The trash haulers lost customers and routes, Ficken said, but he took those damages and subtracted any gains they received from not servicing the newly created trash districts. For example, when American Eagle lost its county routes, it sold four trash trucks and made a profit of $3,953 on those sales.

Ficken said he had not conducted an audit of the trash haulers, and his estimates of loss of business profit are based on monthly profit-loss statements that were provided by the trash haulers themselves, numbers Redington said are “based entirely on inadmissible hearsay evidence which the court cannot reasonably rely on.”

In cross-examination by Redington, Ficken said that he was calculating “loss of business profit,” not simply lost profits, for the haulers.

Loss of business profit does not include fixed costs that would normally be taken into account when calculating profits, Ficken said. Fixed costs include trash trucks, phone lines, insurance, political contributions and rent for office buildings. On the witness stand, Ficken agreed that those costs are usually part of normal operating expenses.

In court, Redington cited the difference in stated lost income Ficken provided for each of the three trash haulers compared to the three companies’ tax returns, which show lower profits than Ficken’s calculations.

“Before American Eagle lost a single customer to the county’s trash program, their total net income was $36,000” on $3 million in revenue, a profit margin of 1.1 percent, she noted.

In 2007, when it still had all its customers, American Eagle showed $97,859 in profits on its profit-loss statement on total revenue of nearly $4 million, a 2.51-percent profit margin.

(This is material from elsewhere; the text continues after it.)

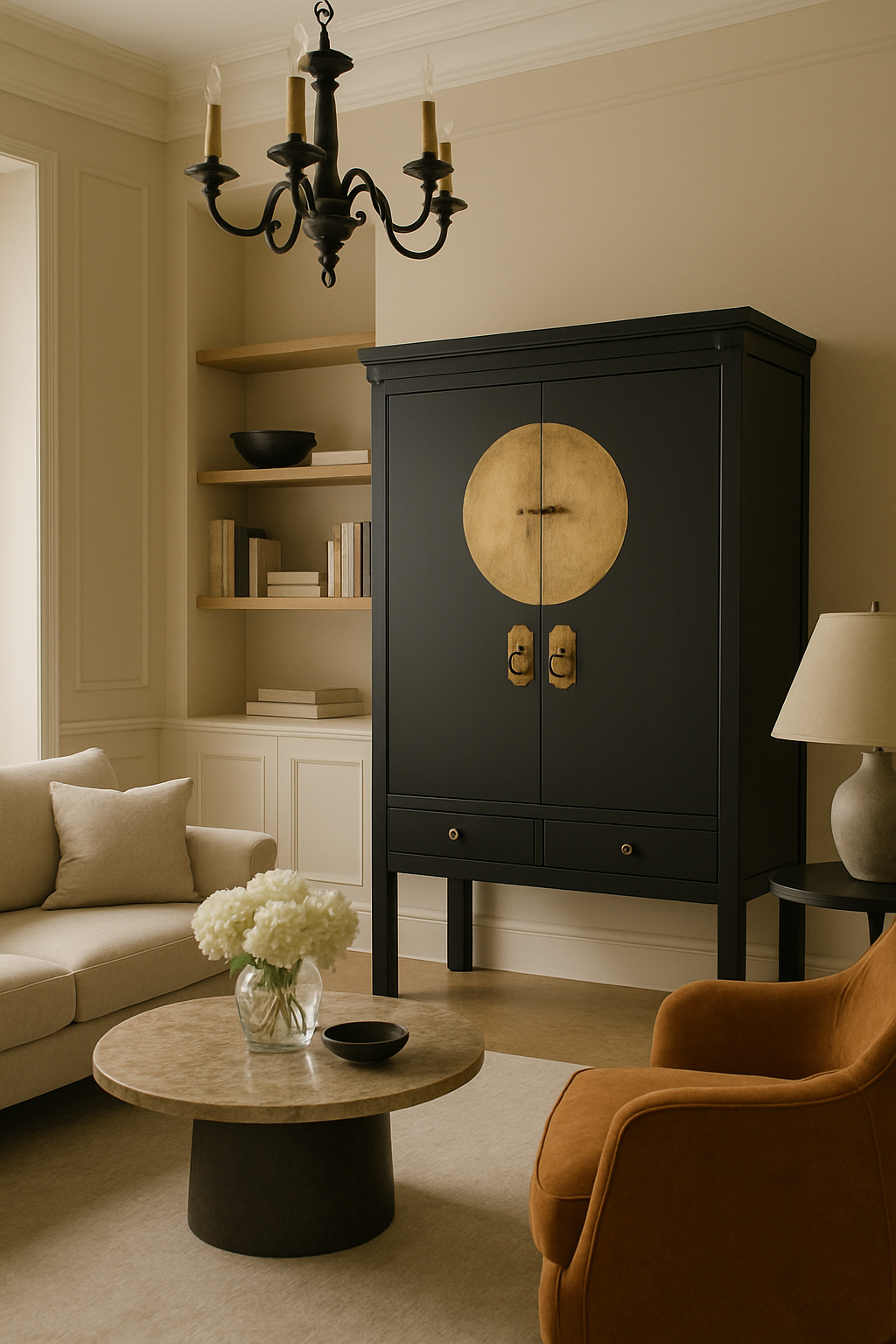 - Stylowa szafa w kolorze czarnym z eleganckimi, złotymi okuciami i nietuzinkowymi zdobieniami. Charakterystyczne czerwone przetarcia i frezowane elementy na froncie wzbogacają prosty kształt mebla.

From the years Ficken took into account, 2006 to 2010, American Eagle never made anything close to $800,000, Redington noted. The highest profit shown in those years was in 2007.

“If the county had taken away every single customer that American Eagle had, the company would have lost about $94,000,” she said. “Your opinion is that American Eagle is damaged more by losing some of their customers than they would have been by losing all of them? Those numbers show that they would have lost $94,000 if they would have lost all of their business.”

“We’re not comparing apples to apples,” Ficken replied. “What you’re asking and what I measured are two different things.”

In his calculations, Ficken calculated lost profits to American Eagle of $5.1 million, including $4.3 million in lost customer fees and a 20-percent growth in customers and rate increases each year, or $900,000, that the company was not able to receive when it could not operate in those unincorporated areas.

That equates to 30-percent profit margins, Redington noted, which American Eagle has never reported in either its profit-loss or income-tax statements.

Redington questioned why the numbers on the profit-loss statements and the income-tax statements did not match.

“I don’t think you have to be an expert in tax to understand you have to report all your income,” she said.

In the case of Meridian, Redington said that profit calculations should be made from $11.8 million in lost revenue, then multiplied by 7 percent because of the company’s typical 7-percent profit margin, for total damages of roughly $832,000.

She also blamed the companies for not winding down their services in the new trash districts as they got closer to the date the county’s chosen hauler would begin servicing the districts. At the end of the two-year period in which the companies should have received notice, the companies were as heavily invested in those districts as they were at the beginning, she noted, blaming them for not finding alternate sources of revenue in the intervening time.

Wallace asked both sides to write her letters on the loss-of-profits issue, to be submitted by Tuesday — after the Call went to press.